**What is required**:
If pictures are present, leave them out, and copy the data word for word.

**Data supplied**:
+++
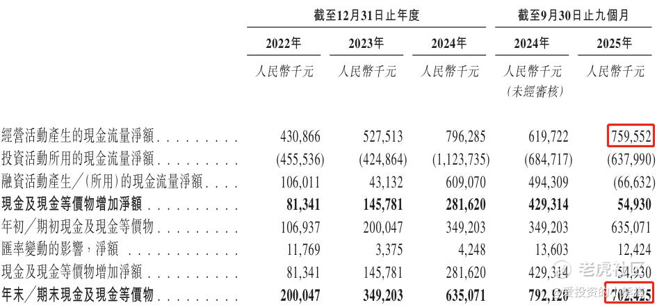 截至2025年9月30日,账上现金约人民币7.02亿元,经营现金流为7.60亿元。
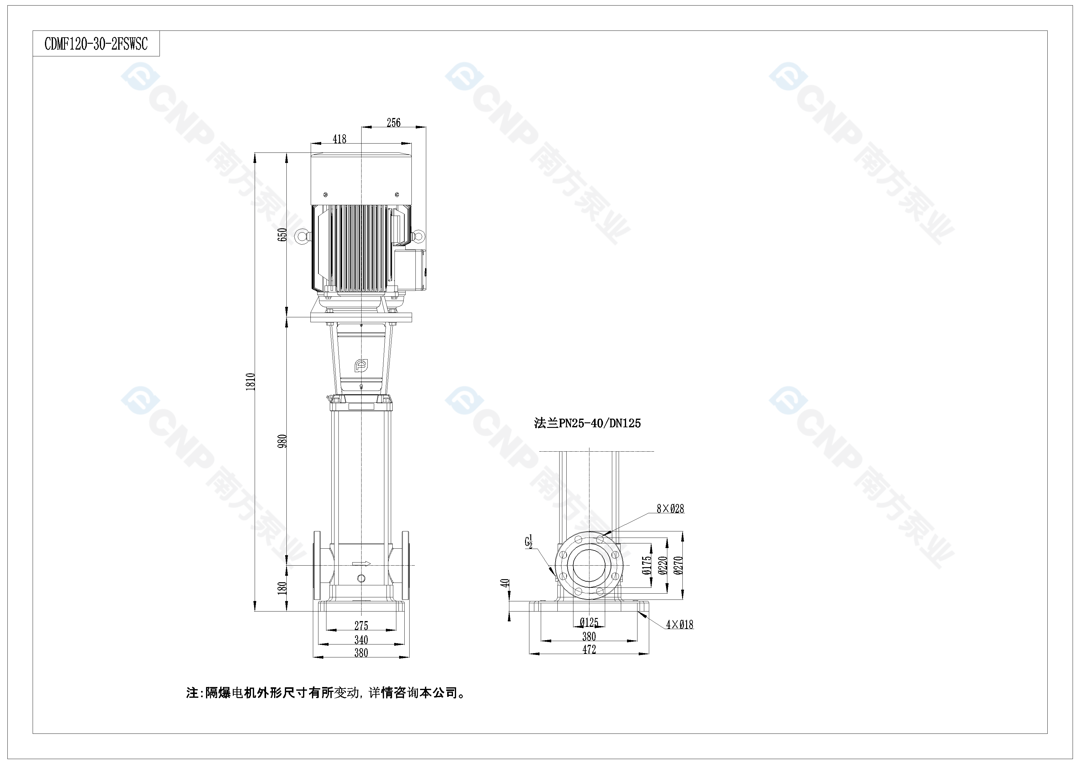 您的位置: 南方泵業 > 在線選型 > 多級泵 > CDM(F)(50Hz) > CDM120-3-2
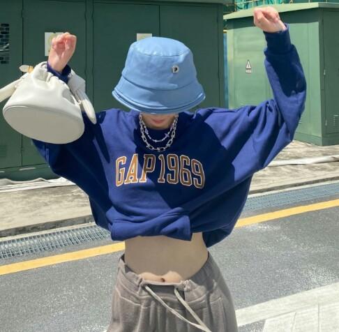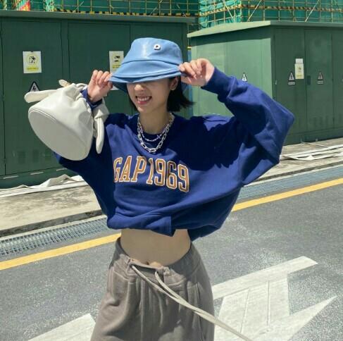 The first outfit is very cool, a blue short sweatshirt, revealing the sexy vest line. The fit of this sweatshirt is also very good, it is sexy and loose, and it has a bit of a hip-hop feel when worn. It’s just right for autumn. The long-sleeved design means it won’t be too cold to wear.
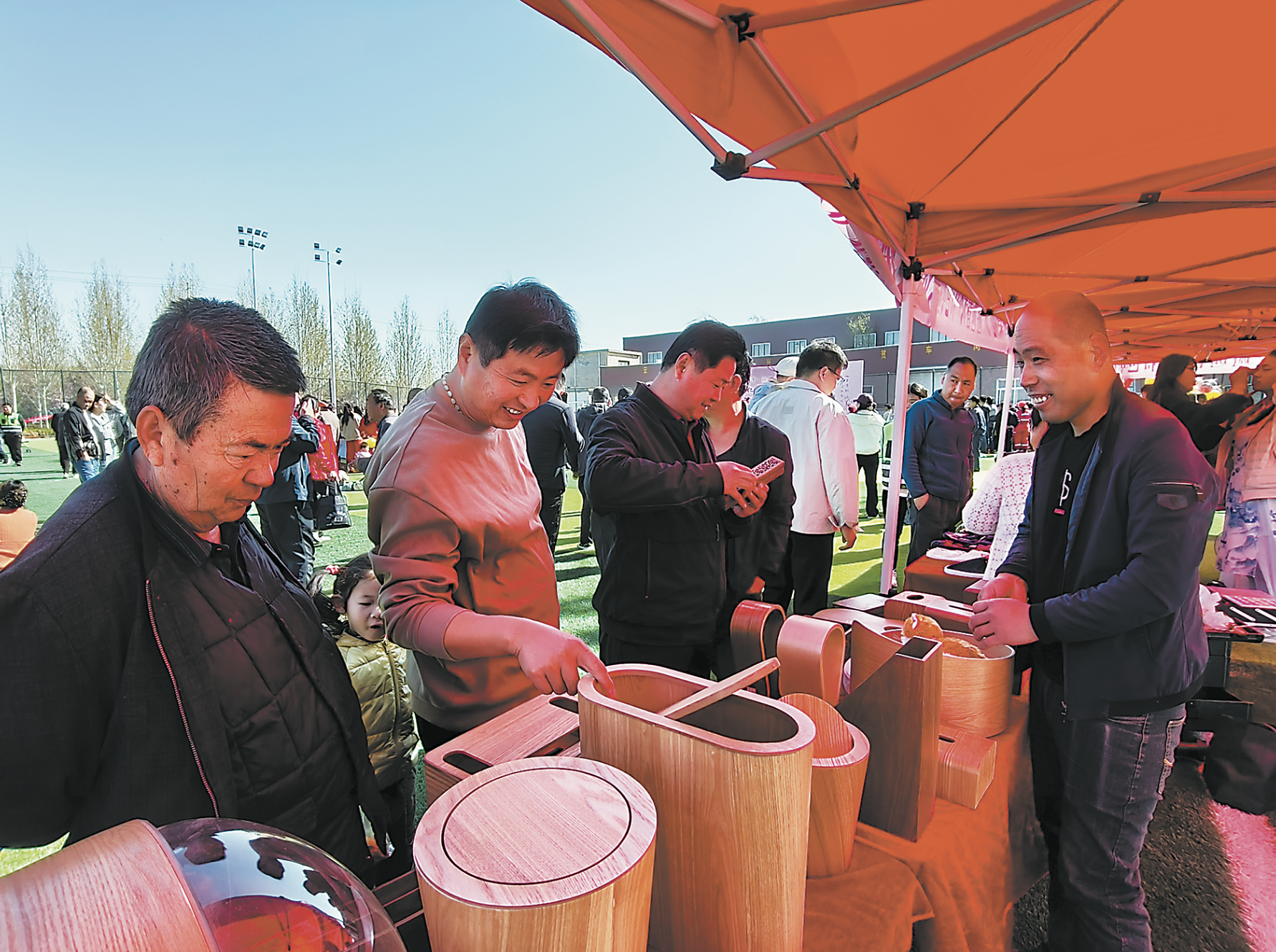 4月5日,在“2025乡村好时节·游购乡村”牡丹区安兴镇第七届海棠文化旅游节活动现场,游客们穿梭于各个摊位之间。庆美工艺品摊位格外引人注目,不少游客正饶有兴致地挑选着,这些精美的工艺品不仅展现了当地传统文化和精湛工艺,也为游客们提供了独特的购物体验。
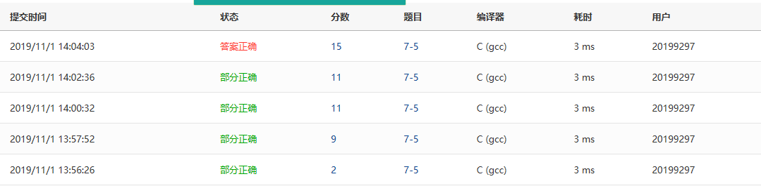 输入 输出 说明 5 25 498 69 364 94 2 3 输入的5个数中有2个是奇数3个是偶数 9 5 89 657 983 55 87 31 57 19 9 0 输入的9个数都是奇数 11 944 56 68 76 90 862 542 510 48 428 534 0 11 输入的11个数都是偶数 2.1.4PTA提交列表及说明
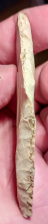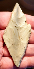 This is a very nice example of a symmetrical Harahey knife with alternate beveling on the edges. It was found in Grayson Co., Texas and comes with a Dwain Rogers COA. The slight notch on one side is from a sedimentary inclusion coming out of the material when the blade was sharpened.
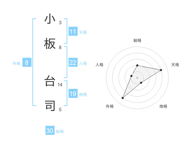 小板 台司さんの総格は30画の2点!
+++
**Finished exercise**:
 截至2025年9月30日,账上现金约人民币7.02亿元,经营现金流为7.60亿元。
 您的位置: 南方泵業 > 在線選型 > 多級泵 > CDM(F)(50Hz) > CDM120-3-2
 The first outfit is very cool, a blue short sweatshirt, revealing the sexy vest line. The fit of this sweatshirt is also very good, it is sexy and loose, and it has a bit of a hip-hop feel when worn. It’s just right for autumn. The long-sleeved design means it won’t be too cold to wear.
 4月5日,在“2025乡村好时节·游购乡村”牡丹区安兴镇第七届海棠文化旅游节活动现场,游客们穿梭于各个摊位之间。庆美工艺品摊位格外引人注目,不少游客正饶有兴致地挑选着,这些精美的工艺品不仅展现了当地传统文化和精湛工艺,也为游客们提供了独特的购物体验。
 输入 输出 说明 5 25 498 69 364 94 2 3 输入的5个数中有2个是奇数3个是偶数 9 5 89 657 983 55 87 31 57 19 9 0 输入的9个数都是奇数 11 944 56 68 76 90 862 542 510 48 428 534 0 11 输入的11个数都是偶数 2.1.4PTA提交列表及说明
 This is a very nice example of a symmetrical Harahey knife with alternate beveling on the edges. It was found in Grayson Co., Texas and comes with a Dwain Rogers COA. The slight notch on one side is from a sedimentary inclusion coming out of the material when the blade was sharpened.
 小板 台司さんの総格は30画の2点!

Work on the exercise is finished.